Pigeons are much better. Quail tend to be pretty docile and the dogs grow out of them fast.


----------



## olofsonb (Dec 15, 2013)

How fast would you say they grow out of them? I don't need them on a permanent basis, just temporary to build their bird drive.


----------



## organicthoughts (Oct 9, 2012)

It depends on the dog. My dog is too birdy to use the quail I have found. They have no natural flush and don't fly well so it is very easy for the dog to grab. My pup had outgrown them by 4 months old. I have only used Coturnix mind you. The one good thing about quail is that they smell really strong.

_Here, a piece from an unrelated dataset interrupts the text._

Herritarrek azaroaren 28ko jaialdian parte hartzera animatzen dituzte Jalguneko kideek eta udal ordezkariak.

They are a good intro bird and that is about it. Pigeons are much more useful even as intro as they fly well and it teaches the pup to woah better and to steady to wing.


----------



## olofsonb (Dec 15, 2013)

Ok good to know thanks. How many pigeons should suffice? And how do u get them to come back?


----------



## einspänner (Sep 8, 2012)

It's pretty easy, enjoyable even.You might run into cannibalism, especially if you have too many males in too small a space. Giving them some hiding holes helps with that. They also like to dust bathe, so keep a container of dirt for them to roll around in. I mixed in some diatomaceous earth to kill off bugs. Otherwise you give them food and water and they're pretty happy. 

I think I put just under $200 into the pen, but I also dumpster dived at construction sites for materials. Feed is probably another 20 bucks. Whenever I cut up some fruits and veggies for myself, I'd throw the scraps into the pen. Flight conditioned quail go for 4 bucks a pop around here. 25 lasted me a couple months. 

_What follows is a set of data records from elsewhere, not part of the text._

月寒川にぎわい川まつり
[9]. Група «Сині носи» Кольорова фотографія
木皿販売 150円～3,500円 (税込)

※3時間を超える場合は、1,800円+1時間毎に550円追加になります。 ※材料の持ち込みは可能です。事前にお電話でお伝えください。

So $300 or so depending on how cheaply you can build your pen. 

It can be as hands on as you want it be. People rig all sorts of automatic feeders and waterers. I'll probably make a pvc system when I getting ready for pigeons. Backyard Chickens' quail forum was really helpful to me. http://www.backyardchickens.com/f/48/quail

All the pictures of my setup are terrible, but I can post them and the computer model I built if you're interested.

I think it's worth starting with quail. Just make your pen flexible so you can raise pigeons later.


----------



## organicthoughts (Oct 9, 2012)

I respectfully disagree with einspanner. If you start with pigeons, your dog won't have as much of an opportunity to learn to grab birds.

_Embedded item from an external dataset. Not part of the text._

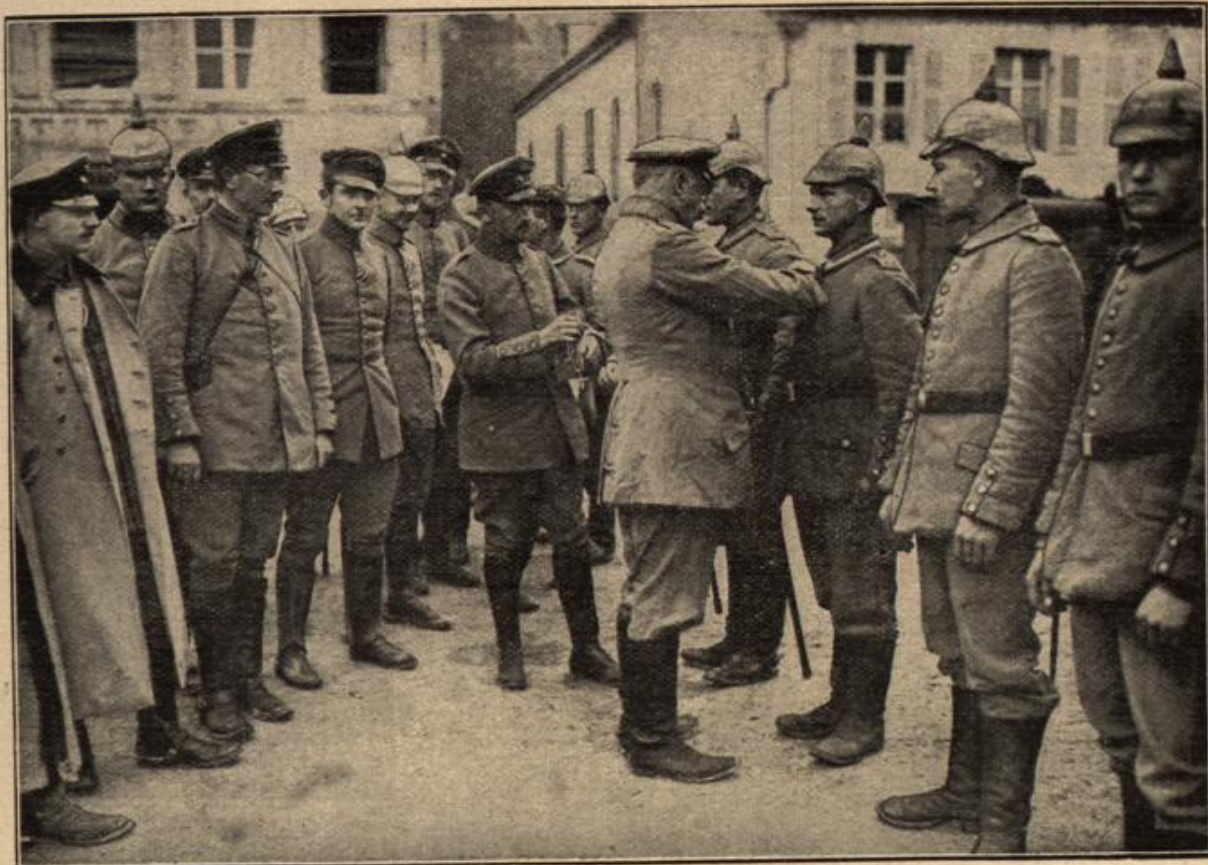
Unsere deutschen Helden werden mit dem Eisernen Kreuz geschmückt.

der Erde ist Spanien. Hier scheint die klare Sonne jährlich mindestens 3000 Stunden, in Deutschland nur 1800, in England nur 1400 Stunden. — In den Vereinigten Staaten von Amerika werden jedes Jahr 4000—6000 Kilometer neue Eisenbahnlinien gebaut. — In Korea, das jetzt zu Japan gehört, werden die Kleidungsstücke nicht aus einzelnen Teilen zusammengenäht, sondern zusammengeleimt, wozu man einen aus Fischen hergestellten Leim benutzt. — Sowohl im Polargebiet wie in den heißesten Tropengegenden behält das menschliche Blut seine gewöhnliche Temperatur von 37\frac{1}{2} bis 38 Grad Celsius.

If you start now with pigeons, you can train them to be homers within a month or two and then you don't ever have to spend money buying birds. You just have to treat them well and keep them in the coop for a couple months. After that just train very close to the coop and they will most likely fly back. If they do, you have homers. Build some nesting boxes in the coop so that they hatch eggs and you'll have a bevy of pigeons and can probably eventually sell some too.

I have 6 pigeons in my coop and I don't foresee needing any more unless something drastic happens.


----------



## v-john (Jan 27, 2013)

Ill write more, but in my opinion, quail are a bird looking for a place to die. I know guys that raise them and its a struggle. Pigeons are hardy, and more likely to be forgiving. If you are just trying to build drive, use the quail once and that should be it. They likely wont survive. Poor flying quail will ruin dogs if they aren't ready for it. Pigeons fly and are gone. When your dog is ready, go to the quail.
I race pigeons, (small brag, just had a bird take 6 out of 170 birds last weekend: ) and good flying birds you can use over and over are worth their weight in gold. Plus they breed prolifically and once you get birds established, you'll be trying to give them away rather then buying them.


----------



## v-john (Jan 27, 2013)

organicthoughts said:


> I respectfully disagree with einspanner. If you start with pigeons, your dog won't have as much of an opportunity to learn to grab birds.
> 
> If you start now with pigeons, you can train them to be homers within a month or two and then you don't ever have to spend money buying birds. You just have to treat them well and keep them in the coop for a couple months. After that just train very close to the coop and they will most likely fly back. If they do, you have homers. Build some nesting boxes in the coop so that they hatch eggs and you'll have a bevy of pigeons and can probably eventually sell some too.
> 
> I have 6 pigeons in my coop and I don't foresee needing any more unless something drastic happens.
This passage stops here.